It was the acquisition of the Dixi works at Eisenach in 1928 that had provided BMW, hitherto a manufacturer of aero engines and motorcycles, with a foothold in car manufacturing. BMW's first car, the built-under-license Dixi version of the Austin Seven was gradually developed and improved, ending up with swing-axle suspension and overhead valves, and then in 1933 came the first true BMW - the six-cylinder 303. The latter adopted a twin-tube frame and abandoned the rear swing axles in favour of a conventional live axle, while up front there was a superior transverse-leaf independent suspension and rack-and-pinion steering. These features, along with the four-bearing, overhead-valve engine, would provide the basis for the more powerful and sportingly inclined models to follow.
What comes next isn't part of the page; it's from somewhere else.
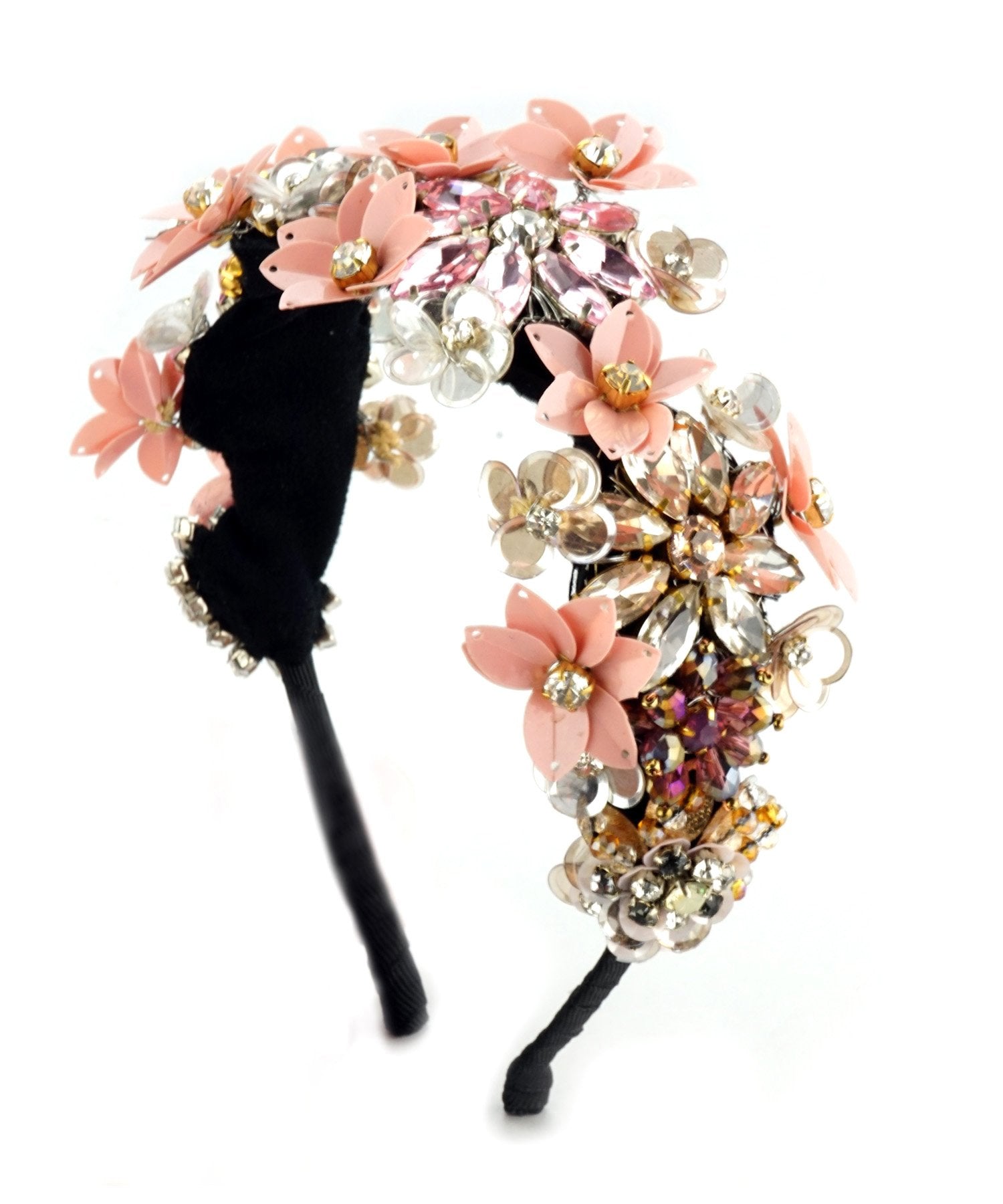 Featuring a woven hairband with Multi-color crystal and Peach color sequins embellishment..

Lacking the resources of larger and longer established rivals, BMW adopted an evolutionary, 'mix and match' approach to model development. Thus the 326 employed the body style first seen on the interim 329 model, which was mechanically identical to the 319 of 1934. Introduced in 1936, the 326 was a landmark model of immense significance and the first BMW to have a box-section ladder-type frame rather than the traditional tubular variety, while its torsion bar rear springing was another first for the Bavarian manufacturer. Boring out the block by 1mm increased the capacity of the well-tried overhead-valve six to 1,971cc and raised maximum power to 50bhp in single-carburettor form as installed in the 326. Other noteworthy developments included hydraulic brakes and a four-speed gearbox with freewheel on 1st and 2nd gears enabling clutch-less gear changes, a particularly useful feature in city traffic.
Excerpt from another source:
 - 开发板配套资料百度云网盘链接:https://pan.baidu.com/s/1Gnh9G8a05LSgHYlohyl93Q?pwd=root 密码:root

Motor Sport tested a BMW 326 in 1937 and despite the car's relatively modest top speed of 75-80mph (120-129km/h) found that it could be 'cruised up to this pace wherever conditions permit without sacrifice of economy or tune, and, as one has come to expect of all models of the marque, at such speeds engine and chassis are effortless and the coachwork unprotesting. The new engine has, in fact, been designed to be literally "unburstable".' It is hardly surprising, therefor, that the 326 proved such a success, almost 16,000 being sold up to 1941 when production ceased.
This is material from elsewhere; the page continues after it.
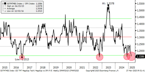 MegaCap tech, i.e., Mag 7 and the likes (GSTMTMEG) valuation premium over the market is reaching the lowest level in the last decade. Pretty much the entire Goldman trading desk likes going long Megacap tech at these levels.

This matching numbers BMW 326 Cabriolet was delivered new in July 1938 to Runge, Glas & Cia of Buenos Aires, Argentina, as confirmed by the BMW Classic Certificate on file. The original exterior finish was Ivory. We are advised that five owners are known: the first in Argentina, the second in Italy, and the third in Sweden. The fourth owner, Mr Ian Donaldson of Odiham, Hampshire acquired the BMW in October 2014, at which time it was first registered in the UK (V5C on file). The current (fifth) owner purchased the car in April 2015 (sale contract on file) and last year replaced the battery and fuel pump. An older restoration, well maintained since, this beautiful BMW 326 Cabriolet is ideal for historic rallies and other classic car events.